● Problem to work on
Please copy exactly the part of the records below that opens with the line containing "Зарядно устройствo Natec" and closes with the line containing "Примечание: для того, чтобы", leaving out any pictures.

Dataset excerpts:
= Beginning of Section =

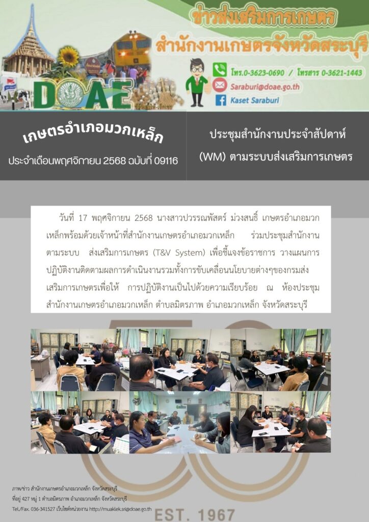 วันที่ 17 พฤศจิกายน 2568 นางสาวปวรรณพัสตร์ ม่วงสนธิ์ เกษตรอำเภอมวกเหล็กพร้อมด้วยเจ้าหน้าที่สำนักงานเกษตรอำเภอมวกเหล็ก ร่วมประชุมสำนักงานตามระบบ ส่งเสริมการเกษตร (T&V System) เพื่อชี้แจงข้อราชการ วางแผนการปฏิบัติงานติดตามผลการดำเนินงานรวมทั้งการขับเคลื่อนนโยบายต่างๆของกรมส่งเสริมการเกษตรเพื่อให้ การปฏิบัติงานเป็นไปด้วยความเรียบร้อย ณ ห้องประชุมสำนักงานเกษตรอำเภอมวกเหล็ก ตำบลมิตรภาพ อำเภอมวกเหล็ก จังหวัดสระบุรี
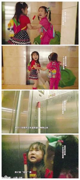 4岁的佳奈和小伙伴麒麒要去给妈妈买菜和水果。经过一番波折,姐妹俩拎着东西回到了家所在的大厦。她们刚进电梯,灯突然就灭了。原来这是节目组设置的“突发事件”,用来“考验”两个宝贝的。黑暗里,两个女孩凄惨地哇哇大哭,跑出了电梯。挣扎了一番,她们还是战胜恐惧进了另一部电梯,却还是惊魂未定的样子,小麒麒虽然在安慰佳奈自己却后怕地哭起来。可怜又可爱的样子令演播室里的嘉宾谢雨欣也心疼得抹起了眼泪。
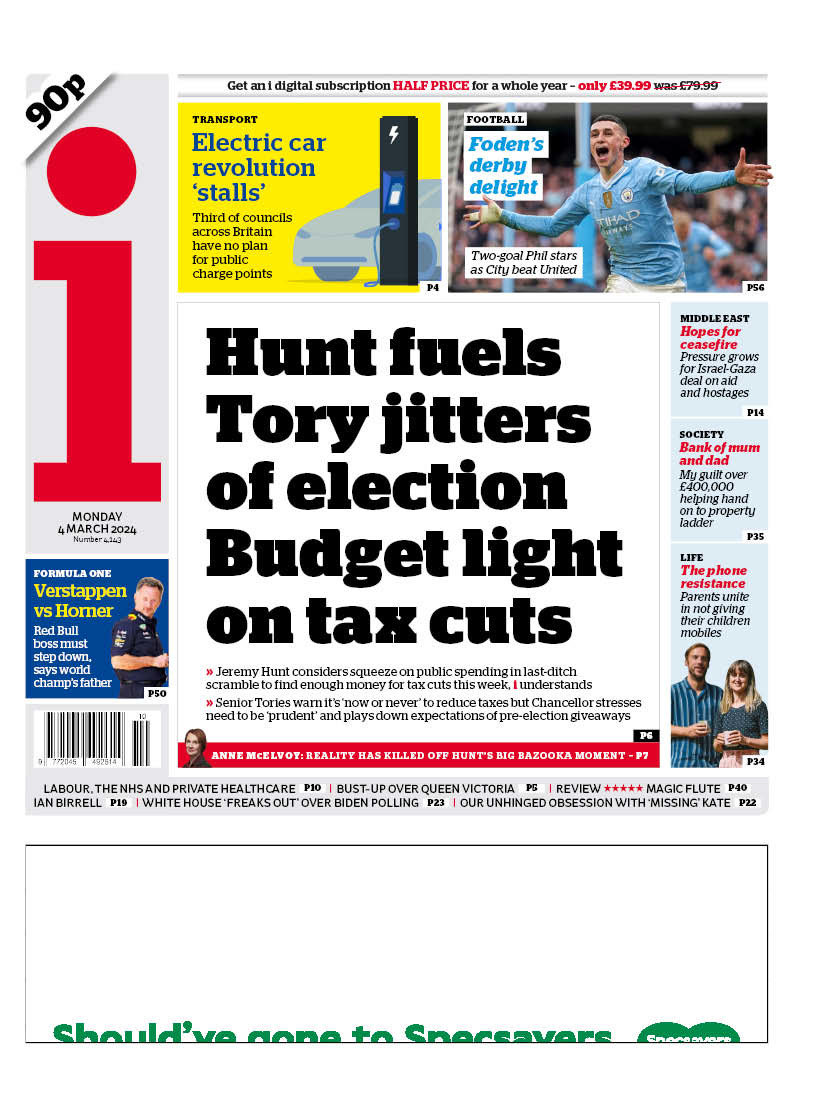 The i newspaper predicts the chancellor may cut public spending to enable tax reductions.
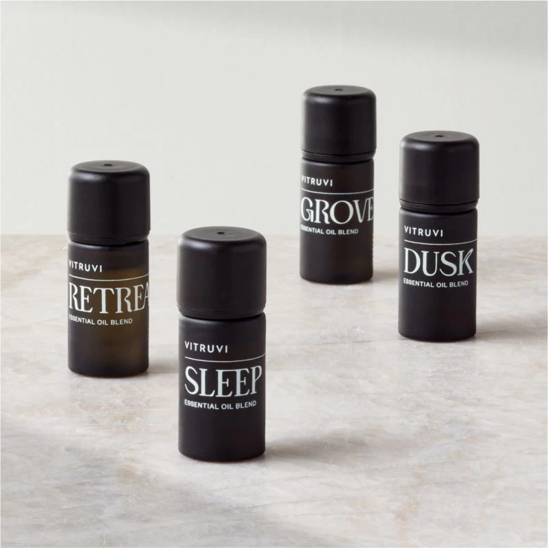 Perfect for taking a pause, Vitruvi’s Rest Kit includes four calming essential oil blends: soft Sleep, restorative Retreat, warm Dusk and woodsy Grove.
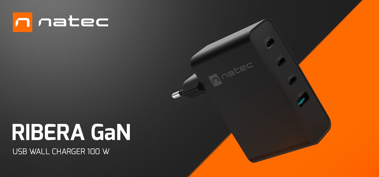 Зарядно устройствo Natec Ribera Gan100 W, USB-A female, 3 x USB-C female Доставка:
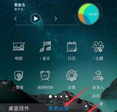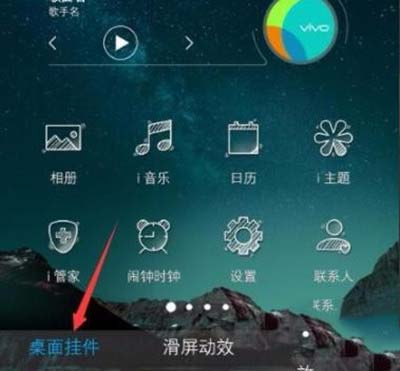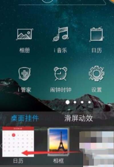 3、在弹出桌面挂件窗口中包含桌面挂件、滑屏动效和隐藏图标三项,其中桌面挂件就是添加各种挂件到桌面上显示,滑屏动效就是滑动桌面滑动的效果设置,隐藏图标一项不常用不做解释,如图。
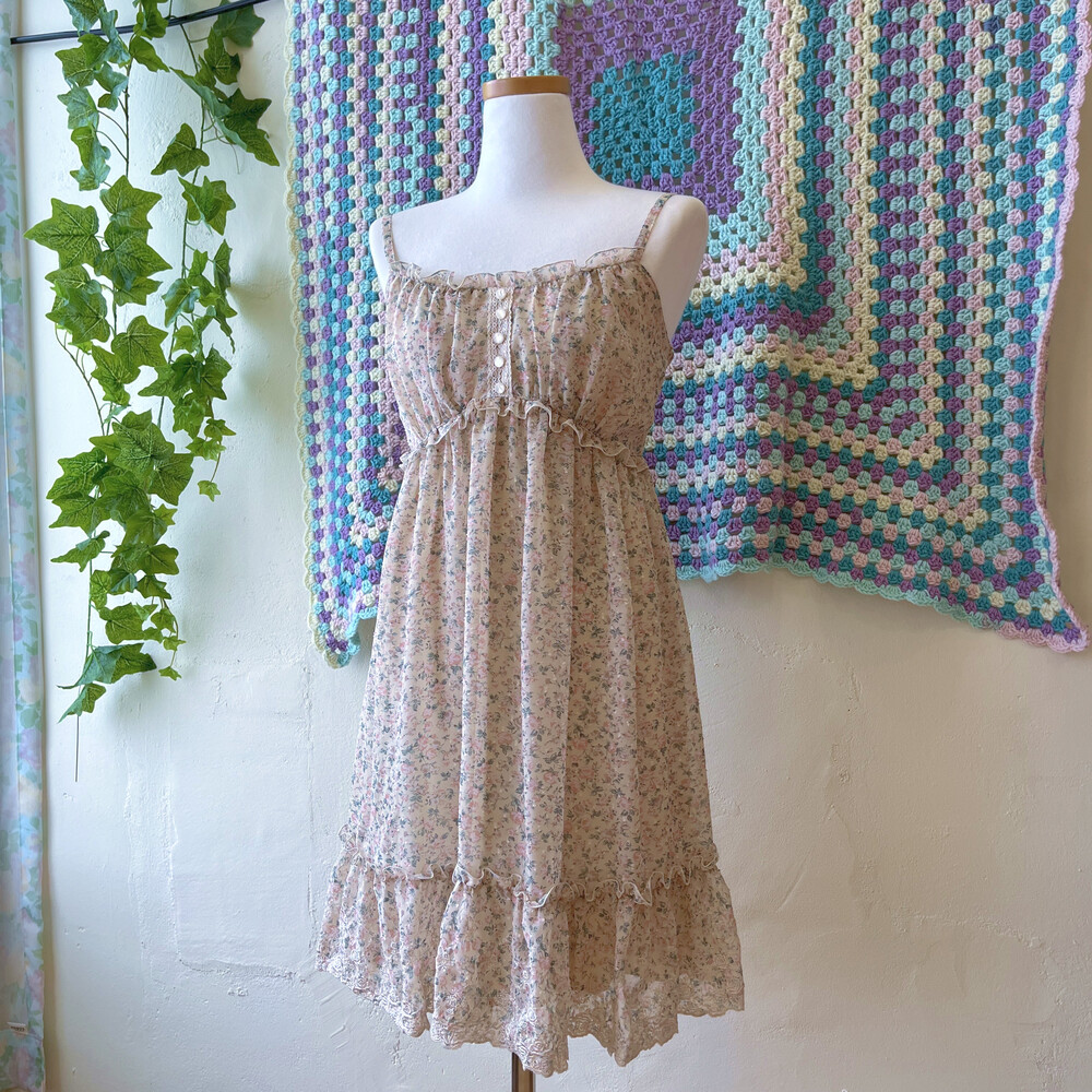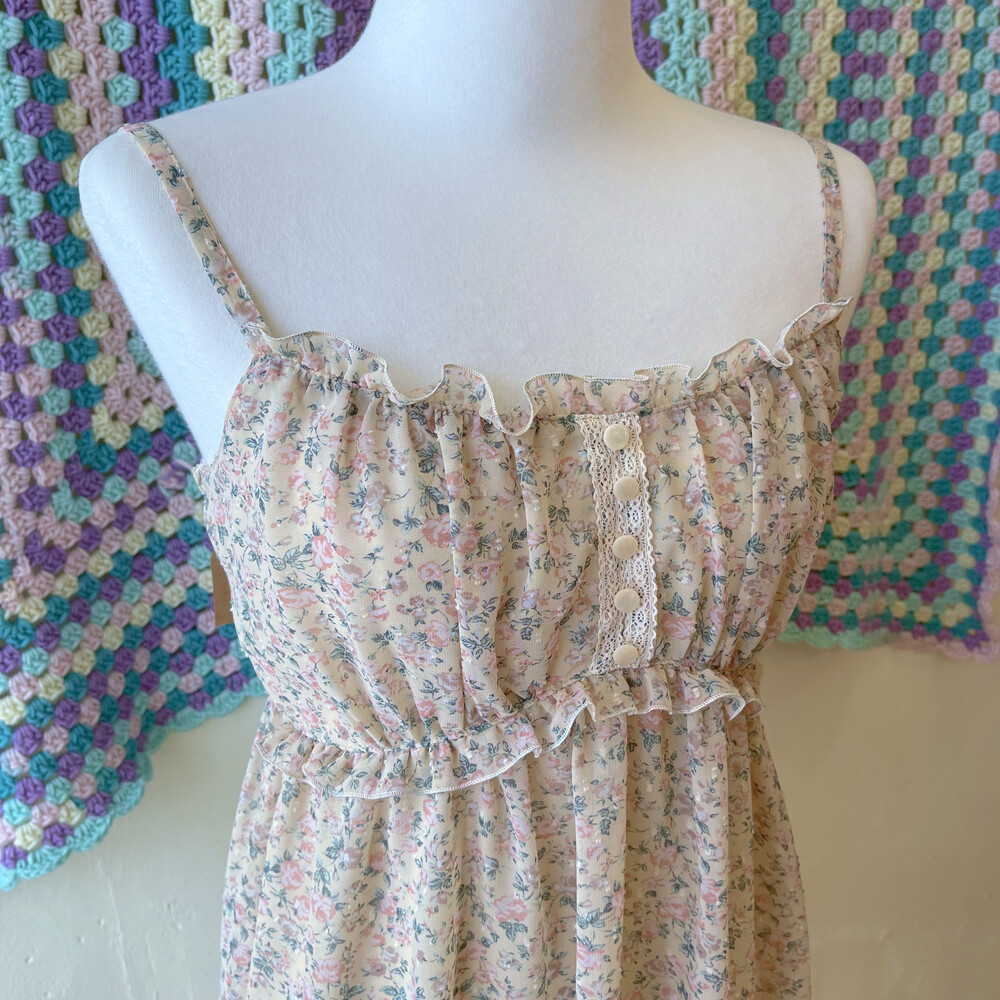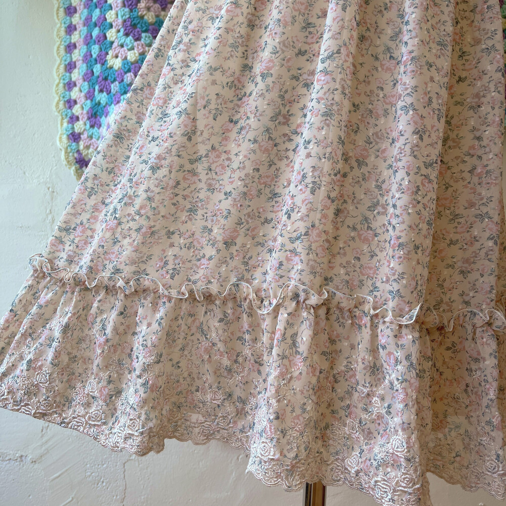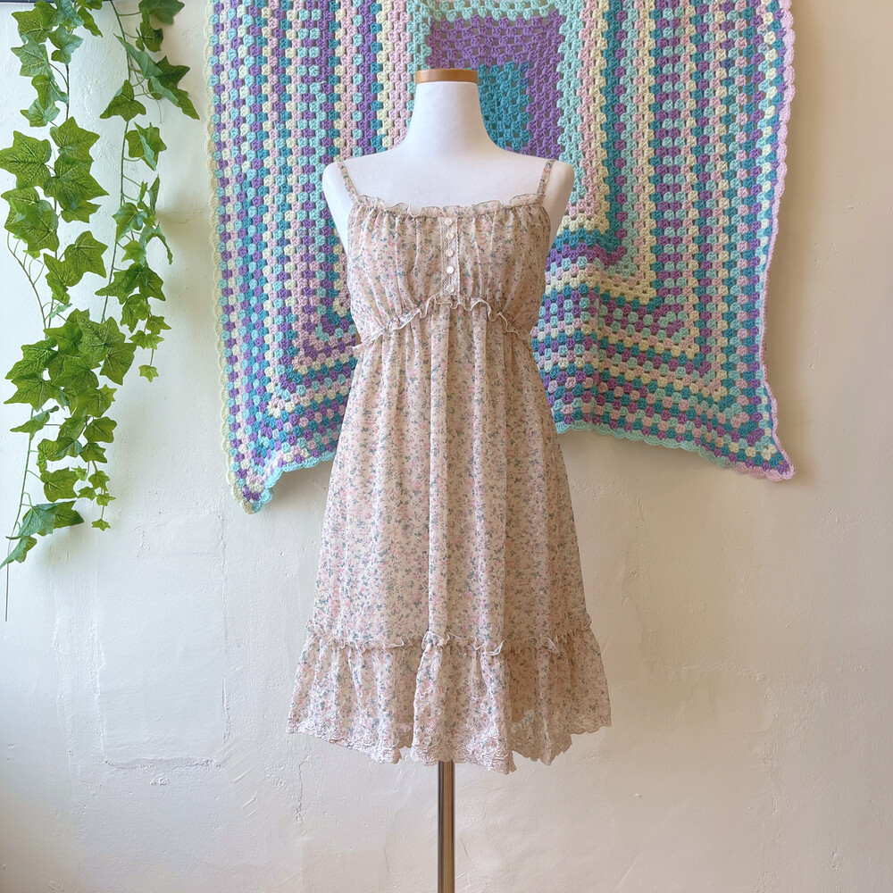 베이지 바탕에 연분홍 색감 꽃무늬 끈원피스예요
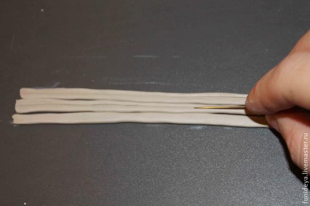 Примечание: для того, чтобы сделать зубы, нужно раскатать глину в длинные жгутики, приплюснуть их и прямо по центру жгутиков провести иглой прямые линии.
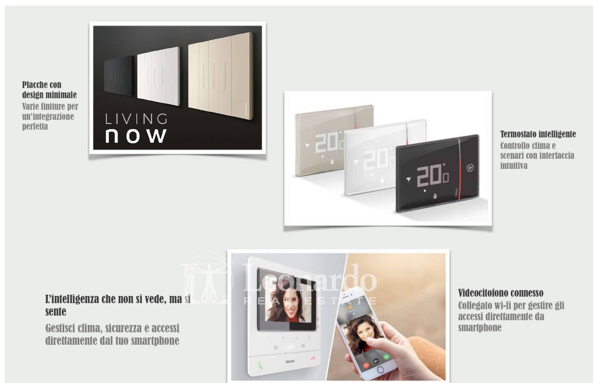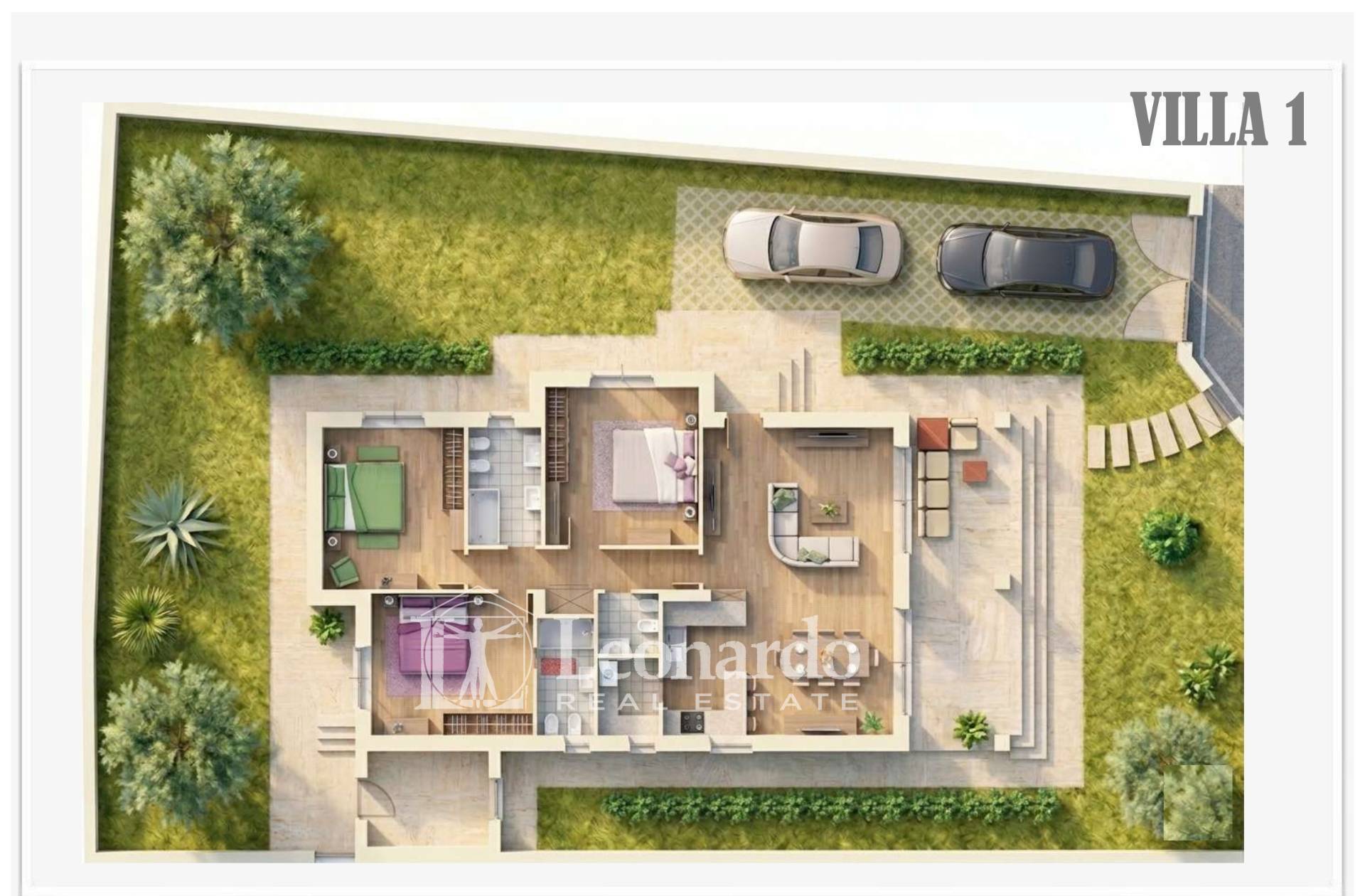 The villas are Energy Class A4 and equipped with Smart Home technologies for remote management of air conditioning, security, and smartphone access. Key features include underfloor heating, integrated cooling, and private parking spaces with electric vehicle charging stations.

= End of Section =

● Solution below
 Зарядно устройствo Natec Ribera Gan100 W, USB-A female, 3 x USB-C female Доставка:
 3、在弹出桌面挂件窗口中包含桌面挂件、滑屏动效和隐藏图标三项,其中桌面挂件就是添加各种挂件到桌面上显示,滑屏动效就是滑动桌面滑动的效果设置,隐藏图标一项不常用不做解释,如图。
 베이지 바탕에 연분홍 색감 꽃무늬 끈원피스예요
 Примечание: для того, чтобы сделать зубы, нужно раскатать глину в длинные жгутики, приплюснуть их и прямо по центру жгутиков провести иглой прямые линии.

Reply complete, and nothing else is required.